Jonathan Winters and job No. 1


Many years ago when I was in school in Dayton I met Jonathan Winters, the late improvisational comic. We met following one of his performances at Memorial Hall, which was located on First Street, just a couple of blocks from the old Sears-Roebuck building.

I mention Jonathan Winters because one day my dad brought one of Jonathan’s cousins to our home in Port William.

“Pat, this is Mr. Winters from Dayton,” my dad said, as I shook the tall, gray-haired man’s hand. “He is with the Dayton Daily News.”

The man smiled. “I understand you want to get into the newspaper business, young man,” he said warmly.

“I sure do,” I replied.

The year was 1958, I was just 10 years old, and I was getting my first job. I was going to work for the Dayton Daily News.

For as long as I could remember, I had always wanted to be a newspaperman. I was excited to soon be joining Si Burick, the sports editor who covered the Cincinnati Reds for the Dayton Daily News, and his sidekick, Jim Nichols.

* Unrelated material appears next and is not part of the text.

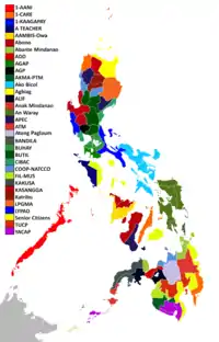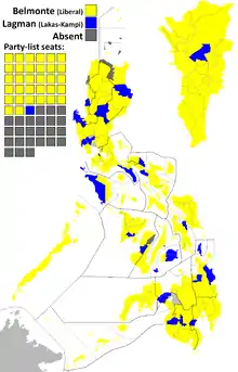 District election results (80% of the seats), with Metro Manila on the inset, and party-list seats indicated by black boxes.
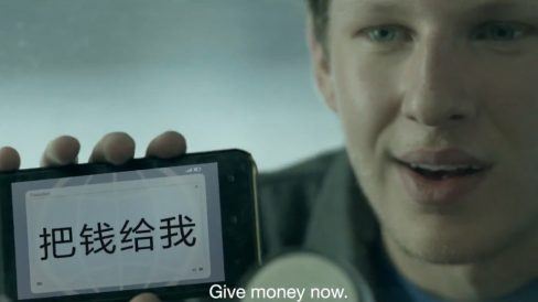 A ação se passa na China, quando um jovem francês tenta se comunicar com a atendente de uma casa de câmbio. O pedido dele é simples: “me dê o dinheiro agora”. Primeiro, pede em francês, depois, em inglês. Sem sucesso, tenta a mímica e, por último, faz o que qualquer pessoa com a tecnologia de um tradutor no bolso faria: escreve a frase no celular e mostra para o outro ler.

It was fascinating to think as a kid from Port William, who read these guys every day, that I would be working with them.

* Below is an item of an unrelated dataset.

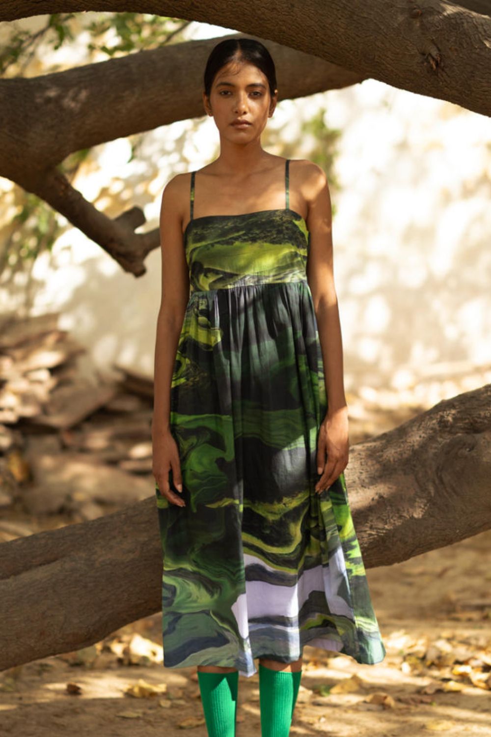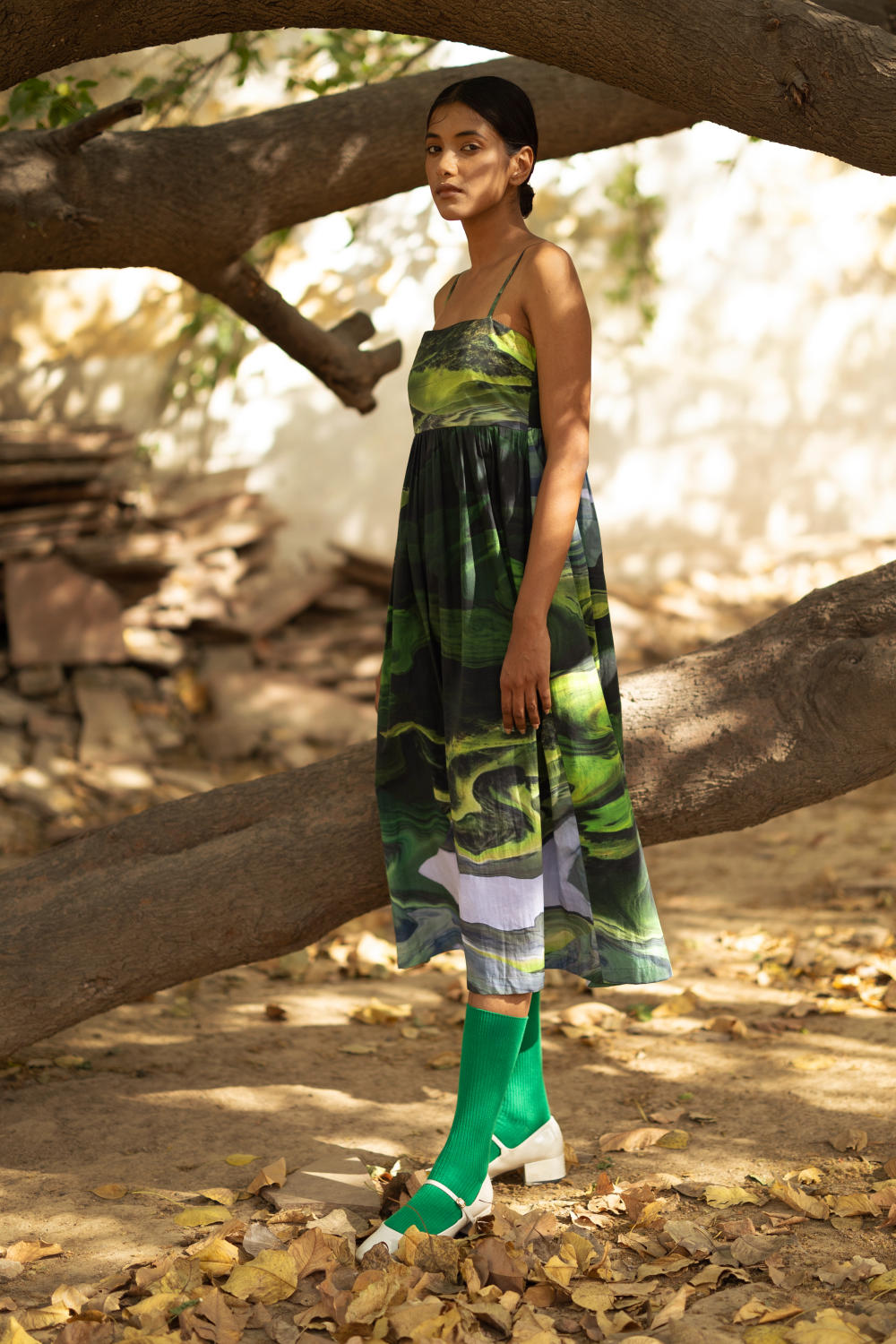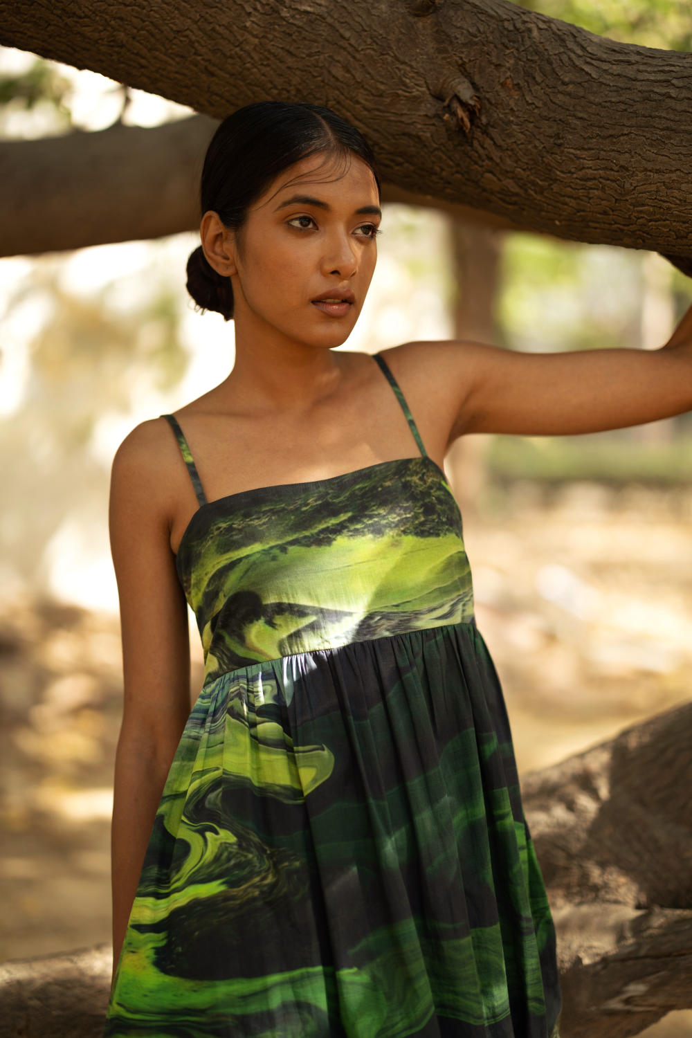 Description: Printed strappy dress, gathered at waist and smocking details at the back. The dress comes with adjustable staps and pockets.

The only difference between the writers and me was they would be writing stories and I would be delivering them seven days a week.

“Pat, you will have about 30 customers and will make $1.50 a week,” Mr. Winters said. I remember thinking I had hit the lottery. Instead of getting a nickel once in awhile from my dad, to be making $1.50 a week was huge.

Ironically, my weekly paycheck of $1.50 back in 1958 is $1.50 more income than I generate now, 60 years later, for writing a weekly column for the Wilmington News Journal.

When I once asked Editor Tom Barr jokingly about my salary, his only response was, “You are no Si Burick.”

But I digress.

That day in Port, Mr. Winters went over all the details of the newspaper delivery business with me. He handed me a small collection book and showed me how to track collections. He went so far as to tell me how to place the newspapers on the front step of each house, and how to avoid vicious dogs.

“Pat, do you have any questions,” Mr. Winters asked.

“Yes. Why is Si Burick’s first name spelled with an S instead of a C?” I asked. “Cy Stephens who owns the hardware store in Port spells his with a C.”

Mr. Winters took a long, deep breath and calmly said, “His first name is Simon.”

I immediately regretted my ill-advised question. All I could say was, “Oh.”

“Are there any other questions?” Mr. Winters asked before quickly opening the door and making his way out to the street to his large, tail-finned Dodge.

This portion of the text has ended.